We perceive many facts and realities about the natural world’s rhythms, but there is still so much more to imagine, to understand.

Kathleen Ritter employs an immersive, creative approach with her written response to Northern Howl and migratory (patterns). Part speculative fiction, part description of the two installations as time capsules, The Tour addresses how fragile is our knowledge of the natural world— and how robust.

The Tour
by Kathleen Ritter (bio available here)

My guide meets me at the edge of the town. I’ve been here a day and a half already, waiting, nursing feet worn with blisters. I stand up to greet her.

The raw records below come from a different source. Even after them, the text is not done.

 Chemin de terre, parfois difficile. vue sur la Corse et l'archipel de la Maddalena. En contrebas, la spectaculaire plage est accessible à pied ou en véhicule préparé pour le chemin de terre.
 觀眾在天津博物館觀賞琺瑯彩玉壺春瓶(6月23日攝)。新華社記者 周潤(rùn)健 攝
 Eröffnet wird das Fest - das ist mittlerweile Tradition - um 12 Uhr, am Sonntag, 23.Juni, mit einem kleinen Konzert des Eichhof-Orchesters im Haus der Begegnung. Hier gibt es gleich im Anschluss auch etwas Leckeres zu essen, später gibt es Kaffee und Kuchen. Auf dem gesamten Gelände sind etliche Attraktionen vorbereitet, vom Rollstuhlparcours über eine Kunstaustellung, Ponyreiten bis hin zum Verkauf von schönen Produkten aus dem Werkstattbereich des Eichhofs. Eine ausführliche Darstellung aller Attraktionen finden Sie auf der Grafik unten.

She lifts her head and throws her arms around me in an unexpected embrace. “It’s been many months since we’ve had an outsider. Welcome.”

I wrestle my swollen feet into boots and stamp out the fire. We are standing on low ground, in the middle of the riverbed where I pitched camp. This place was once called the confluence: the place where the two rivers met. The riverbed, now completely dry, glistens in the sunlight. It is littered with bones, bleached white in the long days of summer, when the sun barely sets.

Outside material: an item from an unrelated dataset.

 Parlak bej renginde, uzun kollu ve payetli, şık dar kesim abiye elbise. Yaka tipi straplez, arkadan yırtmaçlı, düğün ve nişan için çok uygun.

The riverbed is flat, and today it is the only passable route north. The ground elsewhere is dug up and turned over into heaving masses of gravel tailings from the dredges, and are not practical to cross on foot. Nothing grows here anymore. People rarely make the trip, not only because it is onerous, but because they are superstitious of the riverbed. My guide takes my hand and we start walking towards the old town. It’s only then that I realize she is blind. “How did you find me?” I ask.

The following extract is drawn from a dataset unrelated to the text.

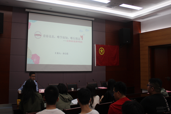 在交流互动环节,校学生会副主席孙宗强同学与学员们做了《青春无名,唯学而知,唯行致远——让青春在追求中闪光》的主题分享交流。

“It was easy,” she replies, laughing. “There’s not much living around here these days.”

“Right. Of course.”

We walk together. The air is silent. Today birds don’t even fly overhead. They’ve changed their migration routes to avoid this area, just like the airplanes.

We hear the sound of our footsteps. I’ve gotten used to stepping on bones. At first, out of respect, I tried to avoid them, but there are too many. I hear them grinding under my boots with each step. During the long journey to come here I tempered my unease by trying to identify them, scientifically, matching them to animals I studied, animals now long gone. This skeleton is surely a salmon, I said to myself. This one must be the hind leg of a dog. There are human bones as well. I wondered about the people who lived here, the ones who didn’t make it to higher ground.

migratory (patterns) view upon entry (photo: Noémie Fortin)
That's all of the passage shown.